AIM OF THE EXERCISE> Copy, exactly as written, the lines that begin at the one containing "FX rate to USD" and end at the one containing "Custom jersey. Everything". Skip any pictures in the data below.

RECORDED INFORMATION>
....
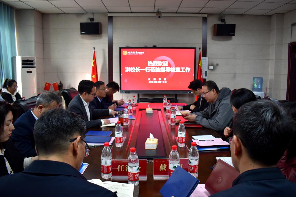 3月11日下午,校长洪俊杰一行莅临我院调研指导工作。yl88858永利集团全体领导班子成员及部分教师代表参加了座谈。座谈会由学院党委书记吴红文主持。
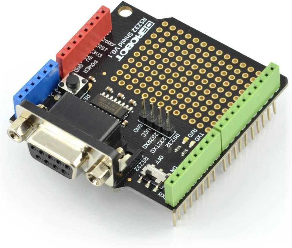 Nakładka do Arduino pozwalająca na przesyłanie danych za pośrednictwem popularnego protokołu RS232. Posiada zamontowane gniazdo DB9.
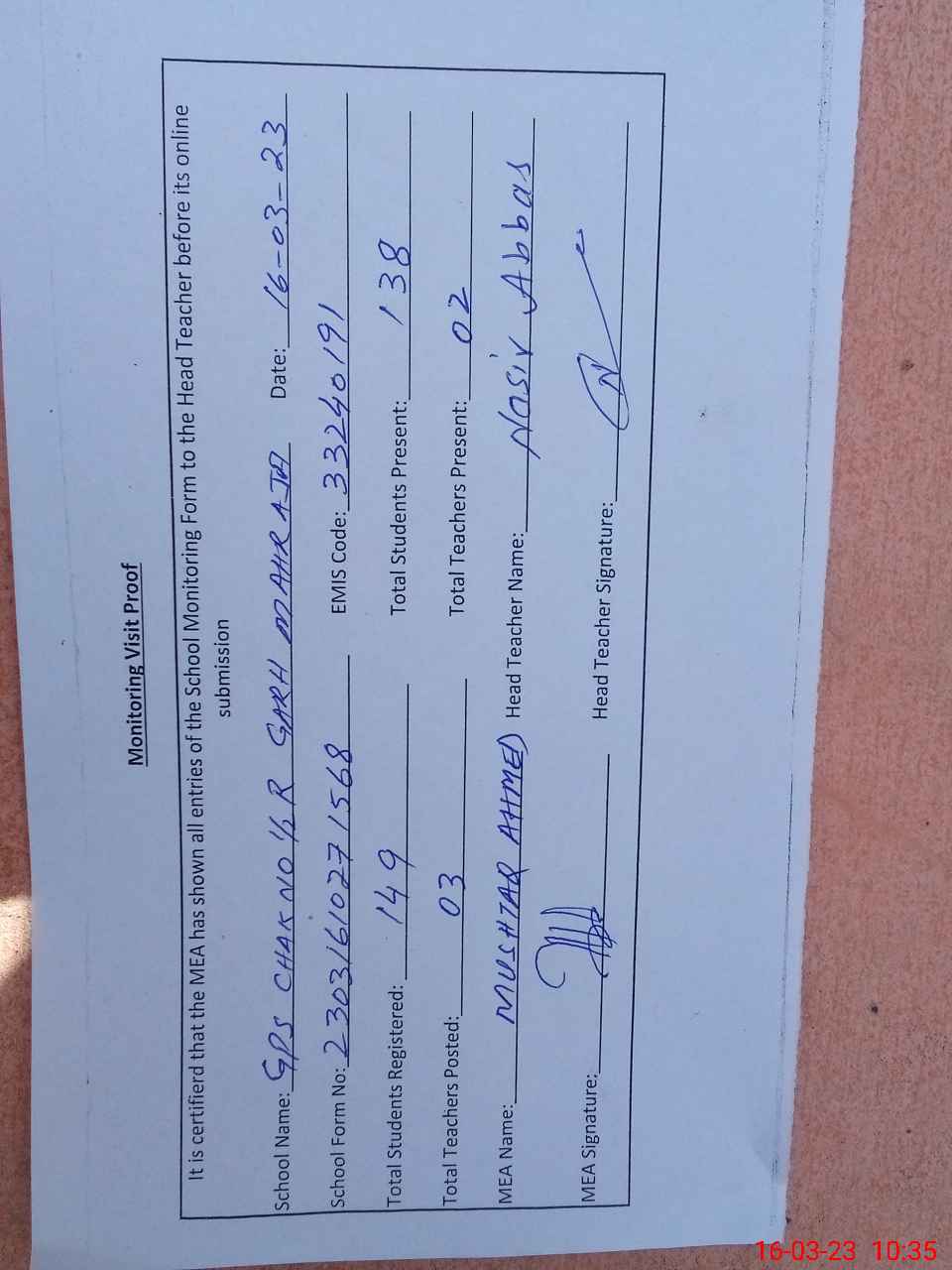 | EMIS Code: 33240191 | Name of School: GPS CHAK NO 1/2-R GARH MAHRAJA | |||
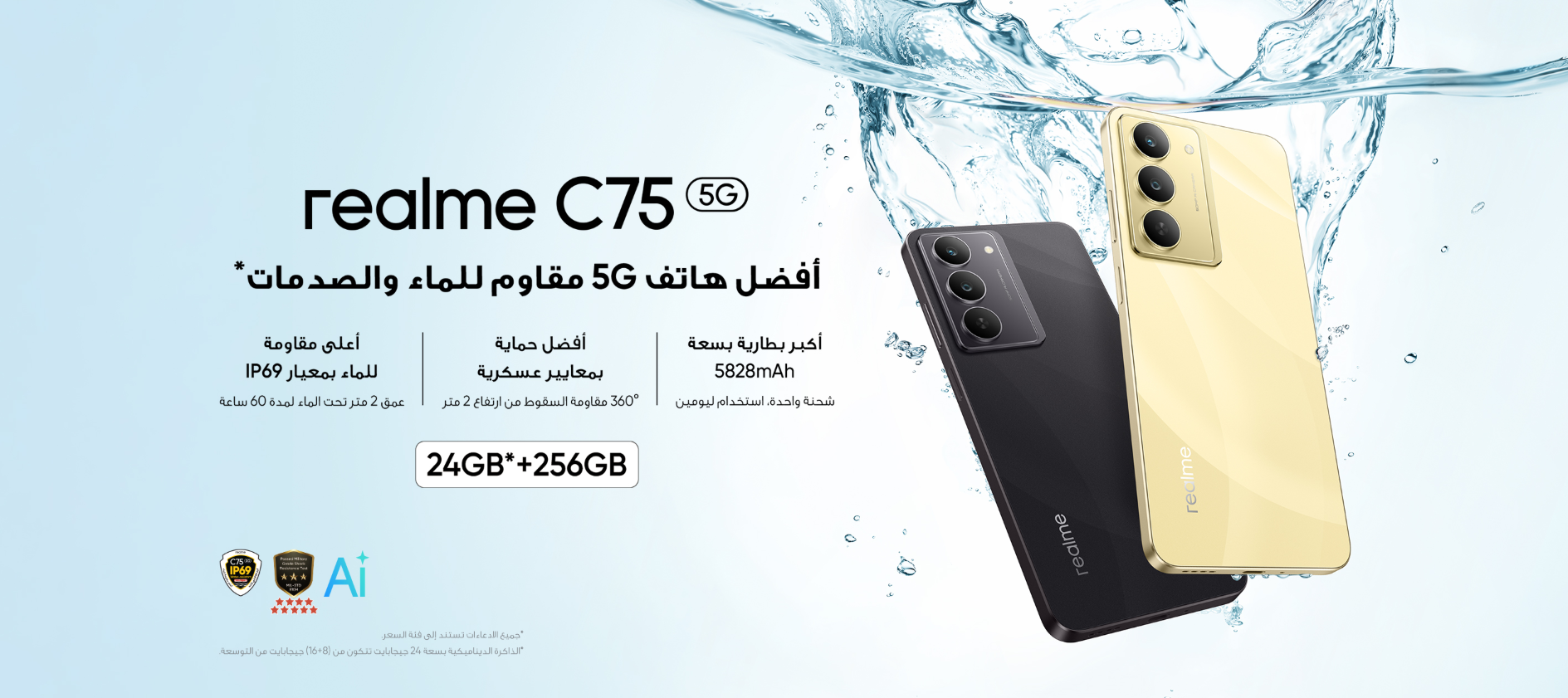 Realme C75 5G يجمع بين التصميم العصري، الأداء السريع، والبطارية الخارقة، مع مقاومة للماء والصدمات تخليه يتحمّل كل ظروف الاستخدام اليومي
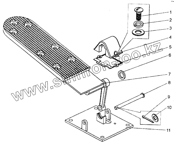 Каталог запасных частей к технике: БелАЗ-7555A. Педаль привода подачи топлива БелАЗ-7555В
....
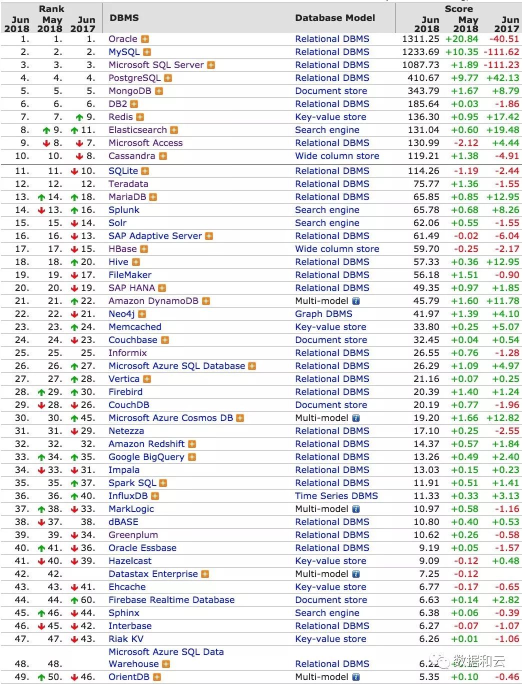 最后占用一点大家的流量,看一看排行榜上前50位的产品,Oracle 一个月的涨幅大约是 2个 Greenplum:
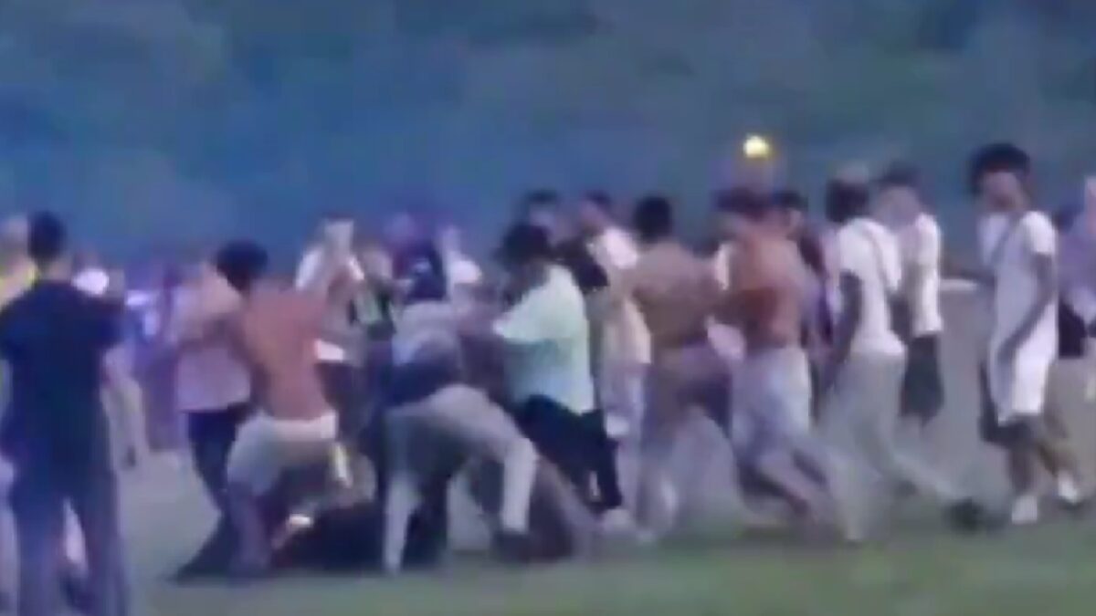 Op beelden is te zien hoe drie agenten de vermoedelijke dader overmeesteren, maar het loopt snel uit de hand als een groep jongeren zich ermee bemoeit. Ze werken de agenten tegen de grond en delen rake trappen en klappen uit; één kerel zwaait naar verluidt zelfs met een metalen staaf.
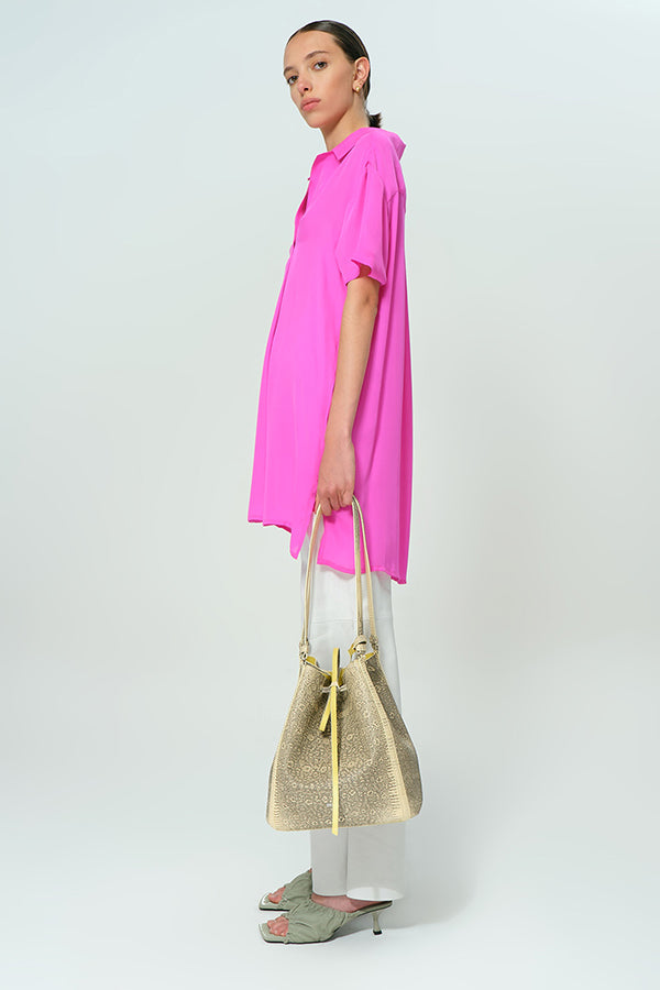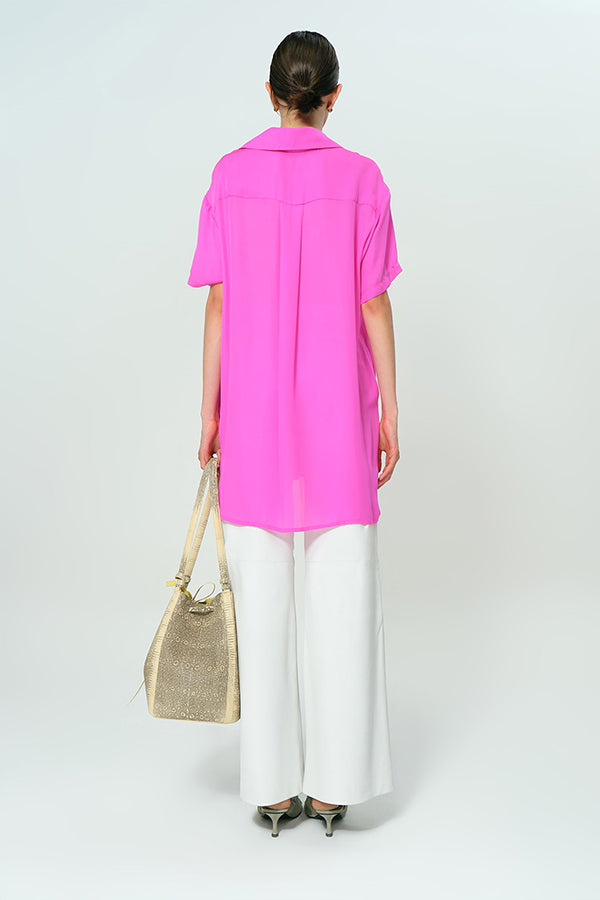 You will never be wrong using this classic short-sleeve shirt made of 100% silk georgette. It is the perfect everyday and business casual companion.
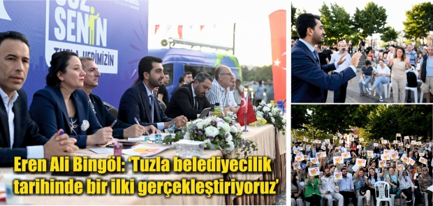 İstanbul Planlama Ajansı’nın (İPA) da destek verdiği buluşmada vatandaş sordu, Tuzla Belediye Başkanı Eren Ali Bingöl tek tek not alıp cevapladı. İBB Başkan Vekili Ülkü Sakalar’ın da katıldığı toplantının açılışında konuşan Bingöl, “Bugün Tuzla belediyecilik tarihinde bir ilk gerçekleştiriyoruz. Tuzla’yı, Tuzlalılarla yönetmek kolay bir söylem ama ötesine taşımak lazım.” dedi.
....
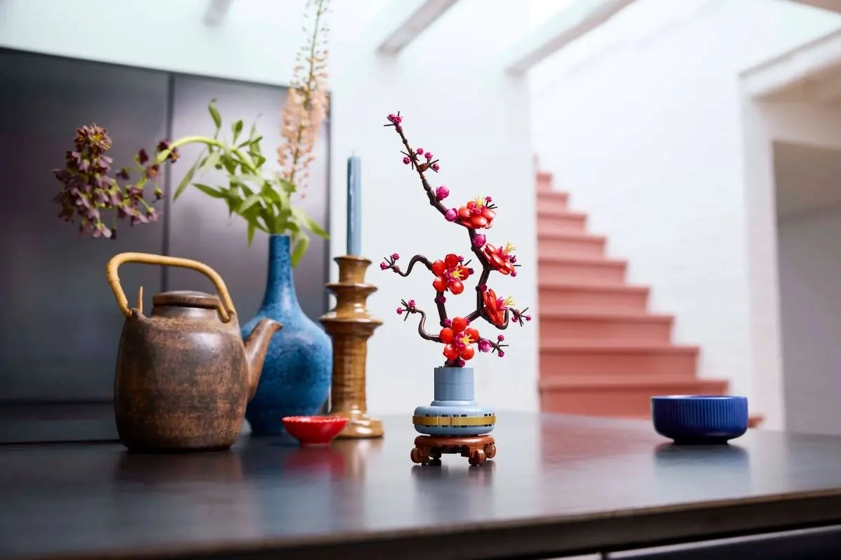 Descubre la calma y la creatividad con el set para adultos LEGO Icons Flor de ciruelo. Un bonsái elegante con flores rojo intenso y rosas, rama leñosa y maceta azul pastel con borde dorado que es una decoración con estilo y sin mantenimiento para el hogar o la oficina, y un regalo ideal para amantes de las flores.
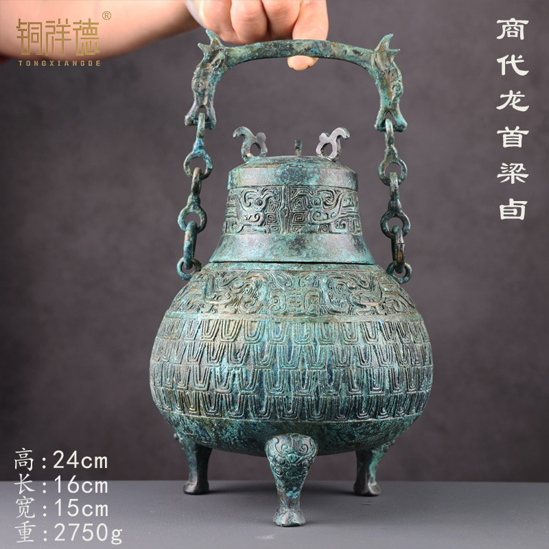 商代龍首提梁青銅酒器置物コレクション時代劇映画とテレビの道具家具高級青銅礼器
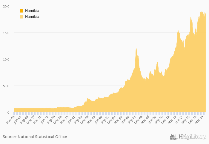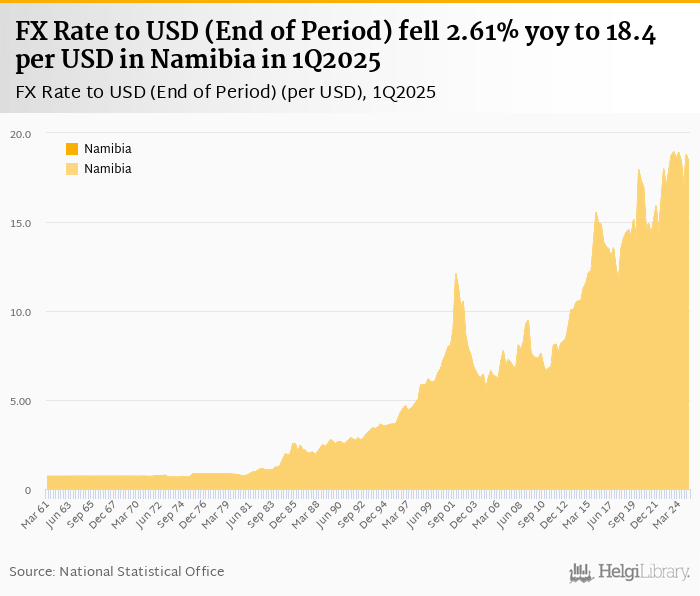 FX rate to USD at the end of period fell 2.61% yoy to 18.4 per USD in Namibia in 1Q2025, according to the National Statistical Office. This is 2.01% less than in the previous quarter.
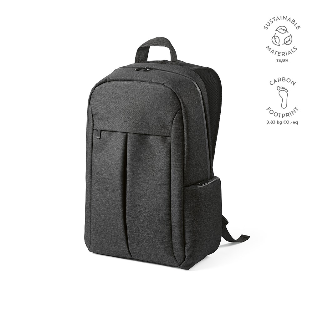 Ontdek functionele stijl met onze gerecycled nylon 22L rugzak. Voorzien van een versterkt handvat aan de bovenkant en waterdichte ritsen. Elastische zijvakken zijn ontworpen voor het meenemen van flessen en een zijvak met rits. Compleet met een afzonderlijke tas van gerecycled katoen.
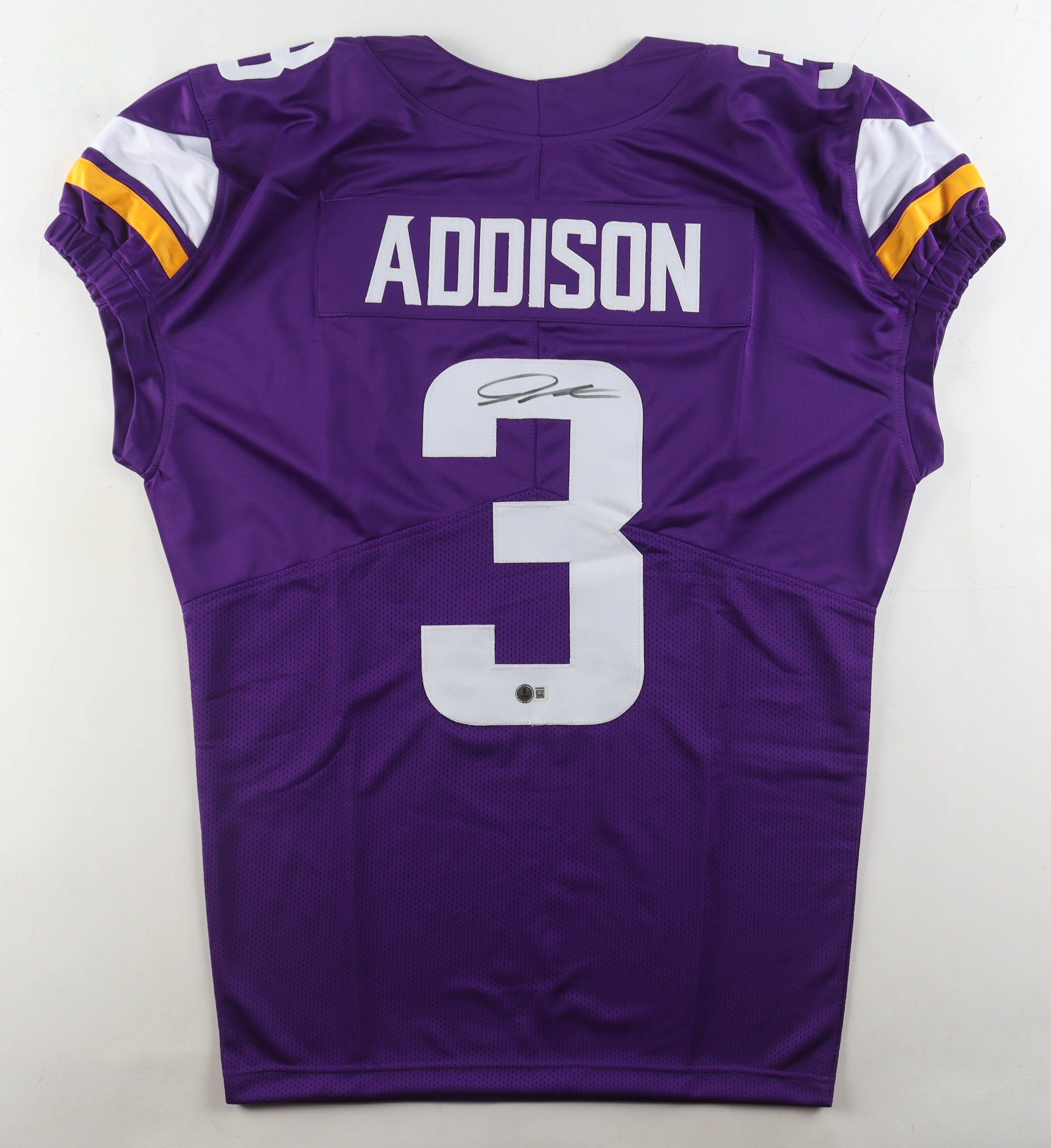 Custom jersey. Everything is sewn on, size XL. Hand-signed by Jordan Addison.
....
RESULT OF THE EXERCISE>
 FX rate to USD at the end of period fell 2.61% yoy to 18.4 per USD in Namibia in 1Q2025, according to the National Statistical Office. This is 2.01% less than in the previous quarter.
 Ontdek functionele stijl met onze gerecycled nylon 22L rugzak. Voorzien van een versterkt handvat aan de bovenkant en waterdichte ritsen. Elastische zijvakken zijn ontworpen voor het meenemen van flessen en een zijvak met rits. Compleet met een afzonderlijke tas van gerecycled katoen.
 Custom jersey. Everything is sewn on, size XL. Hand-signed by Jordan Addison.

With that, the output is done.